GIVEN MATERIAL -
=== Begin Enclosure ===

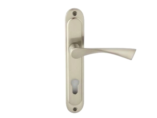 Klamka ROMANA 90mm pod wkład z szyldem długim satyna M9
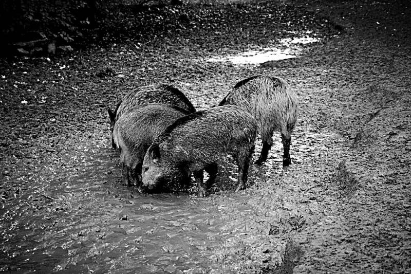 Spin, zwart/wit gefotografeerd, schuin omhoog met alleen lucht op de achtergrond, vandaar het egale wit. Libelle, in kleur gefotografeerd, tegen de zon in, omgezet in zwart/wit. Schotse Hooglander, in kleur gefotografeerd, bewerkt en in zwart/wit gezet.
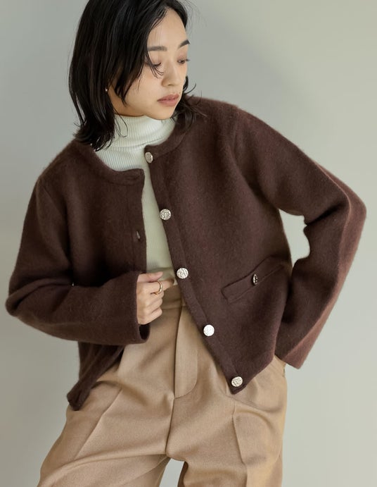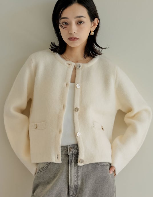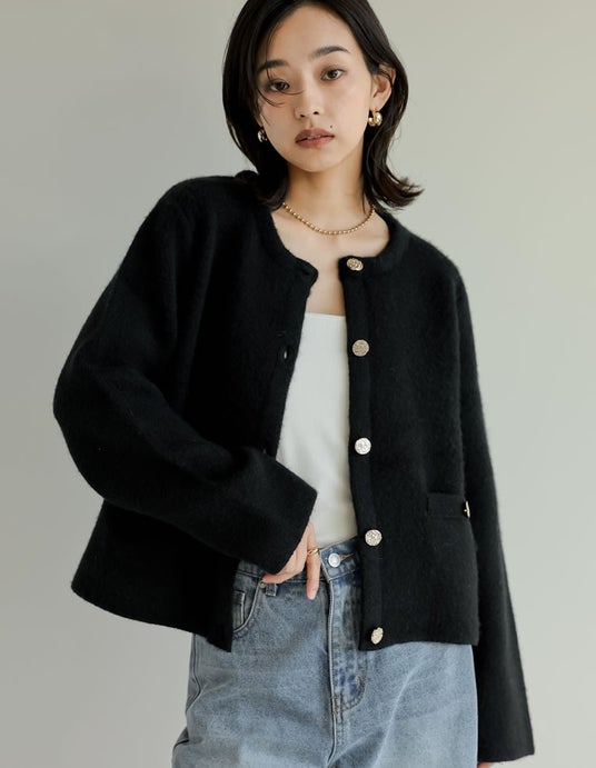 ふんわりとした暖かみのあるニットを使用した金ボタンカーディガン。

=== End Enclosure ===

WHAT YOU ARE ASKED TO DO -
The expected output is the full material above, unaltered, with pictures removed.

SOLUTION BELOW -
 Klamka ROMANA 90mm pod wkład z szyldem długim satyna M9
 Spin, zwart/wit gefotografeerd, schuin omhoog met alleen lucht op de achtergrond, vandaar het egale wit. Libelle, in kleur gefotografeerd, tegen de zon in, omgezet in zwart/wit. Schotse Hooglander, in kleur gefotografeerd, bewerkt en in zwart/wit gezet.
 ふんわりとした暖かみのあるニットを使用した金ボタンカーディガン。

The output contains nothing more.